Kernel Markers Aiming for 2.6.24

Submitted by Jeremy
on September 25, 2007 - 10:57am

Mathieu Desnoyers posted an updated version of his Linux Kernel Markers patchset explaining, "following Christoph Hellwig's suggestion, aiming at a Linux Kernel Markers inclusion for 2.6.24, I made a simplified version of the Linux Kernel Markers. There are no more dependencies on any other patchset." He continued, "the modification only involved turning the immediate values into static variables and adapting the documentation accordingly. It will have a little more data cache impact when disabled than the version based on the immediate values, but it is far less complex." The patch includes documentation which explains:

"A marker placed in code provides a hook to call a function (probe) that you can provide at runtime. A marker can be 'on' (a probe is connected to it) or 'off' (no probe is attached). When a marker is 'off' it has no effect, except for adding a tiny time penalty (checking a condition for a branch) and space penalty (adding a few bytes for the function call at the end of the instrumented function and adds a data structure in a separate section). When a marker is 'on', the function you provide is called each time the marker is executed, in the execution context of the caller. When the function provided ends its execution, it returns to the caller (continuing from the marker site)."

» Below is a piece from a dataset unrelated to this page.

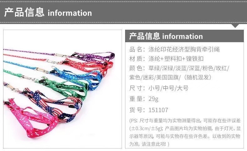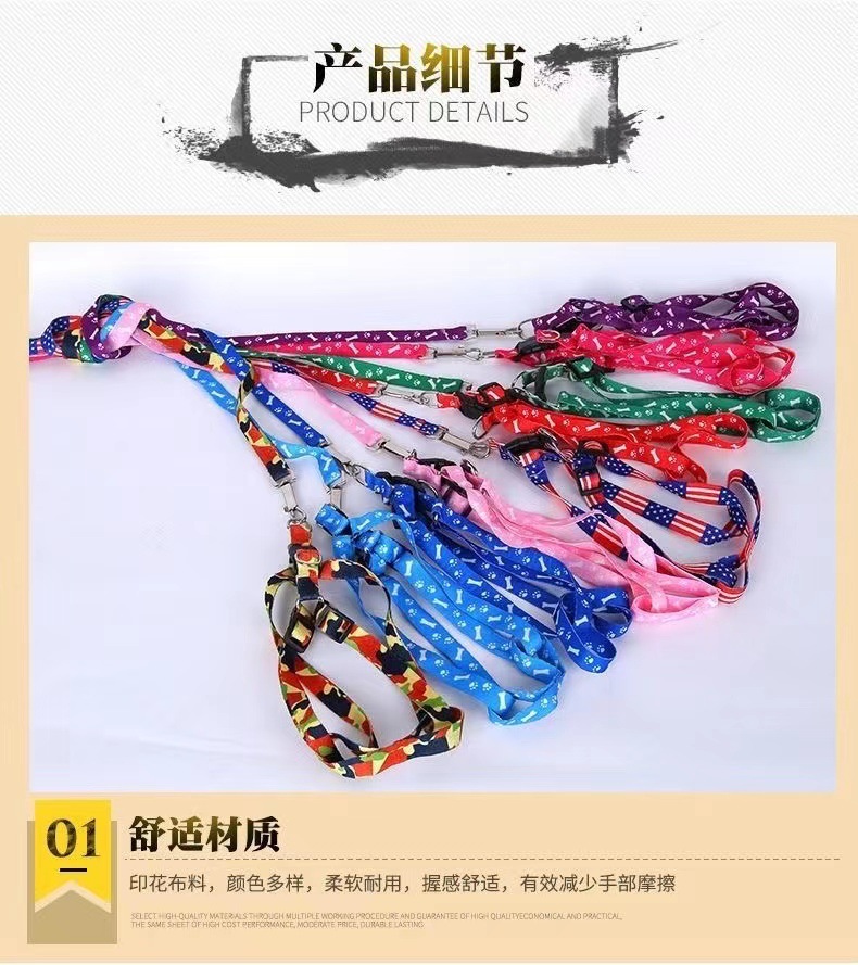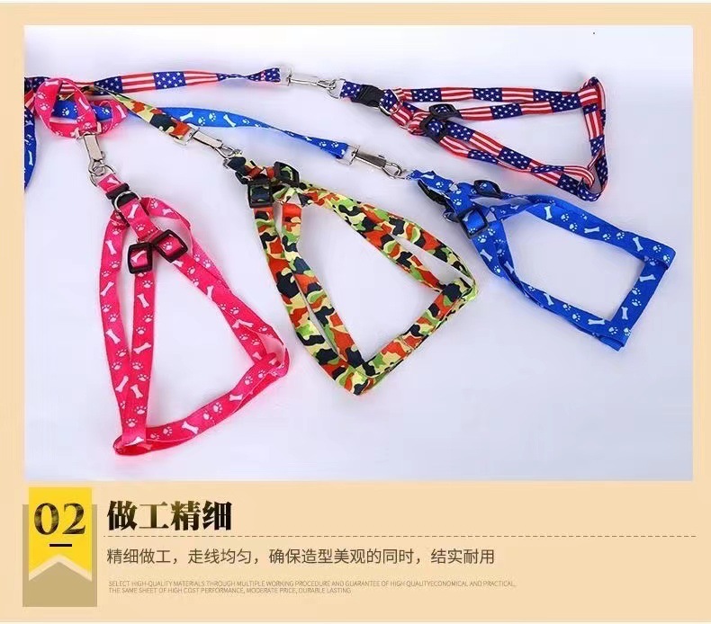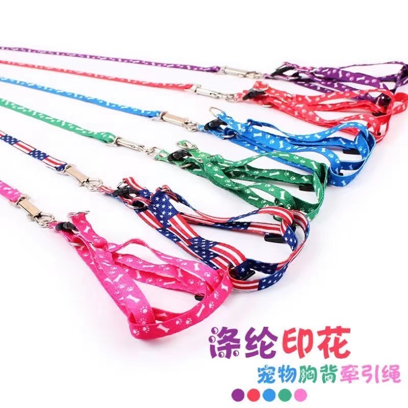 猫咪牵引绳 骨头印花遛狗神器专用猫绳狗绳 宠物胸背带猫链用品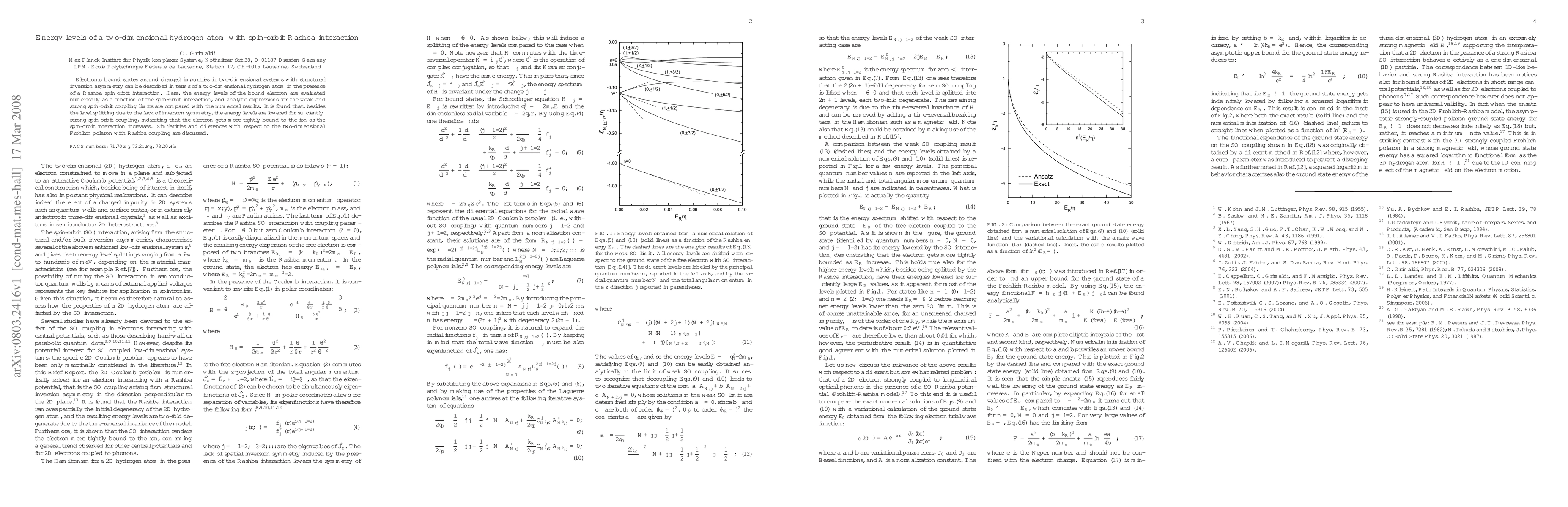 This paper numerically evaluates the energy levels of a two-dimensional hydrogen atom under a Rashba spin-orbit interaction, finding that strong spin-orbit coupling lowers the energy levels, making the electron more tightly bound. Analytic expressions for weak and strong coupling regimes are compared and found to align with numerical results.

From: Mathieu Desnoyers <mathieu.desnoyers@...>
Subject: [patch 0/7] Linux Kernel Markers (redux)
Date: Sep 24, 12:49 pm 2007

Hi Andrew,

Following Christoph Hellwig's suggestion, aiming at a Linux Kernel Markers
inclusion for 2.6.24, I made a simplified version of the Linux Kernel Markers.
There are no more dependencies on any other patchset.

The modification only involved turning the immediate values into static
variables and adapting the documentation accordingly. It will have a little more
data cache impact when disabled than the version based on the immediate values,
but it is far less complex.

Since things have not moved much in the markers area recently (most of the
concerns were about the immediate values), I expect it to be ready for 2.6.24.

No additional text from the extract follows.